Collected data
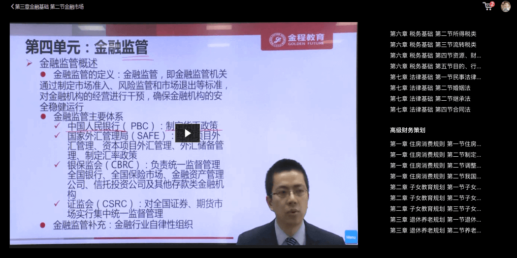 金程RFP课程内容覆盖全面理财知识体系。它所涵盖的展业人员必备专业知识,既涵盖“普通投资者关注的投资、增值、保值、子教等模块,同时也涵盖高净值客户关注的宏观、法律、税务、遗产、子教、养老”等内容,为从业者构建满足客户全生命周期财富规划能力,帮助从业者全方位满足多类别客户需求,达成可复制的个性化客户成交路径。
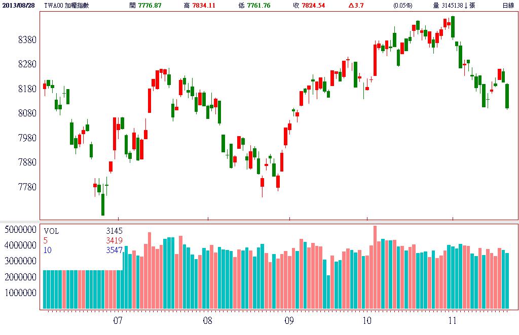 受歐美股市持續拉回、韓股無法續彈、QE傳出將退場及外資空單仍近萬口等利多影響,今日台股開盤直接跳空開低,加上台灣50及中型100等權值股出現全面性的走弱,衝擊指數一路走低,不僅大跌逾百點,更跌破前低的8200點。終場加權指數以8099.45點作收,下跌105.01點,跌幅-1.28%,市場成交總金額為744.51億元。
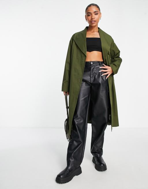 Unique21 longline duster trench coat in khaki
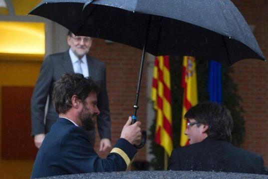 Puigdemont ha llegado poco después de las cinco de la tarde al complejo de la Presidencia del Gobierno y en medio de la lluvia y tras descender del vehículo en el que se ha desplazado hasta allí, ha sido saludado por Rajoy en la escalinata de acceso al edificio principal de la Moncloa.
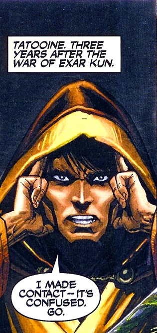 The character of Duron Qel-Droma was first introduced in the 2003 video game Star Wars: Knights of the Old Republic. In the game, Qel-Droma appears only as a skeleton in the Shyrack cave of Korriban, which can be found by the player character, Revan. On Qel-Droma's body, the player can find the Qel-Droma robe and Qel-Droma's datapad.[5] Qel-Droma's backstory was greatly expanded upon in the comic "Shadows and Light," one of the stories featured in 2005's Star Wars Tales 23. The story serves as a sort of prequel to Knights of the Old Republic, telling the story of how Qel-Droma ended up as a corpse on Korriban. In the comic, Qel-Droma was illustrated by Dustin Weaver.[2] Several other mentions of Qel-Droma have been made in the Star Wars canon. Qel-Droma was mentioned in a Codex entry in the MMORPG Star Wars: The Old Republic,[6] to go along with mentions in the reference book The New Essential Chronology[4] and the Knights of the Old Republic Campaign Guide.[1]
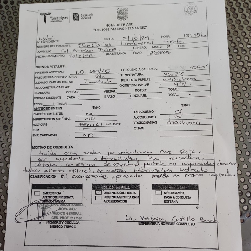 La diferencia de esta nota y la que publica Victoria MX es que aquí si contamos con pruebas, por lo cual adjuntamos el parte medico donde sale positivo a “Alcohol y Opioides (marihuana)”.
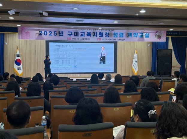 [뉴스시대=김정희 기자] 경상북도구미교육지원청(교육장 민병도)은 10월 13일 구미교육지원청 신청사 1층 다목적강당에서 관내 학교 계약업무 담당자를 대상으로 ‘2025년 구미교육지원청 청렴 계약교실’ 연수를 실시했다.
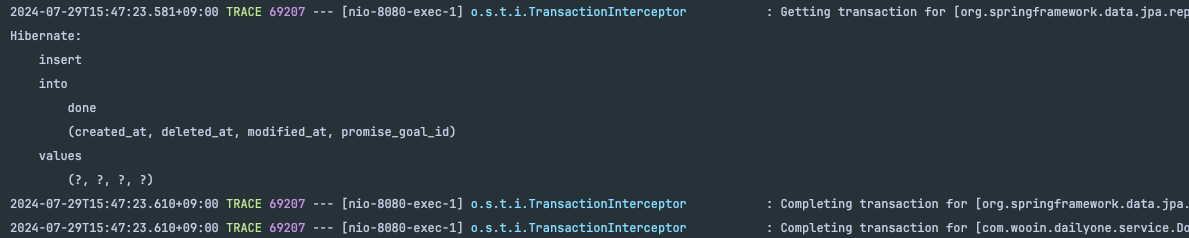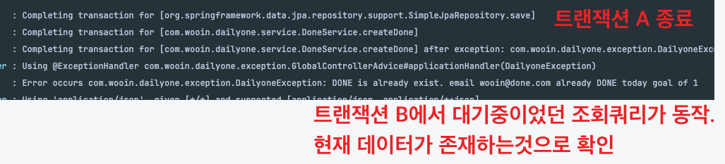 2. 첫번째 요청의 트랜잭션이 진행되어 새로운 done 데이터를 저장하고 트랜잭션이 종료

** Instructions for the task **
Output all of the records word for word, and keep the pictures out of the copy.

** Task solution **
 金程RFP课程内容覆盖全面理财知识体系。它所涵盖的展业人员必备专业知识,既涵盖“普通投资者关注的投资、增值、保值、子教等模块,同时也涵盖高净值客户关注的宏观、法律、税务、遗产、子教、养老”等内容,为从业者构建满足客户全生命周期财富规划能力,帮助从业者全方位满足多类别客户需求,达成可复制的个性化客户成交路径。
 受歐美股市持續拉回、韓股無法續彈、QE傳出將退場及外資空單仍近萬口等利多影響,今日台股開盤直接跳空開低,加上台灣50及中型100等權值股出現全面性的走弱,衝擊指數一路走低,不僅大跌逾百點,更跌破前低的8200點。終場加權指數以8099.45點作收,下跌105.01點,跌幅-1.28%,市場成交總金額為744.51億元。
 Unique21 longline duster trench coat in khaki
 Puigdemont ha llegado poco después de las cinco de la tarde al complejo de la Presidencia del Gobierno y en medio de la lluvia y tras descender del vehículo en el que se ha desplazado hasta allí, ha sido saludado por Rajoy en la escalinata de acceso al edificio principal de la Moncloa.
 The character of Duron Qel-Droma was first introduced in the 2003 video game Star Wars: Knights of the Old Republic. In the game, Qel-Droma appears only as a skeleton in the Shyrack cave of Korriban, which can be found by the player character, Revan. On Qel-Droma's body, the player can find the Qel-Droma robe and Qel-Droma's datapad.[5] Qel-Droma's backstory was greatly expanded upon in the comic "Shadows and Light," one of the stories featured in 2005's Star Wars Tales 23. The story serves as a sort of prequel to Knights of the Old Republic, telling the story of how Qel-Droma ended up as a corpse on Korriban. In the comic, Qel-Droma was illustrated by Dustin Weaver.[2] Several other mentions of Qel-Droma have been made in the Star Wars canon. Qel-Droma was mentioned in a Codex entry in the MMORPG Star Wars: The Old Republic,[6] to go along with mentions in the reference book The New Essential Chronology[4] and the Knights of the Old Republic Campaign Guide.[1]
 La diferencia de esta nota y la que publica Victoria MX es que aquí si contamos con pruebas, por lo cual adjuntamos el parte medico donde sale positivo a “Alcohol y Opioides (marihuana)”.
 [뉴스시대=김정희 기자] 경상북도구미교육지원청(교육장 민병도)은 10월 13일 구미교육지원청 신청사 1층 다목적강당에서 관내 학교 계약업무 담당자를 대상으로 ‘2025년 구미교육지원청 청렴 계약교실’ 연수를 실시했다.
 2. 첫번째 요청의 트랜잭션이 진행되어 새로운 done 데이터를 저장하고 트랜잭션이 종료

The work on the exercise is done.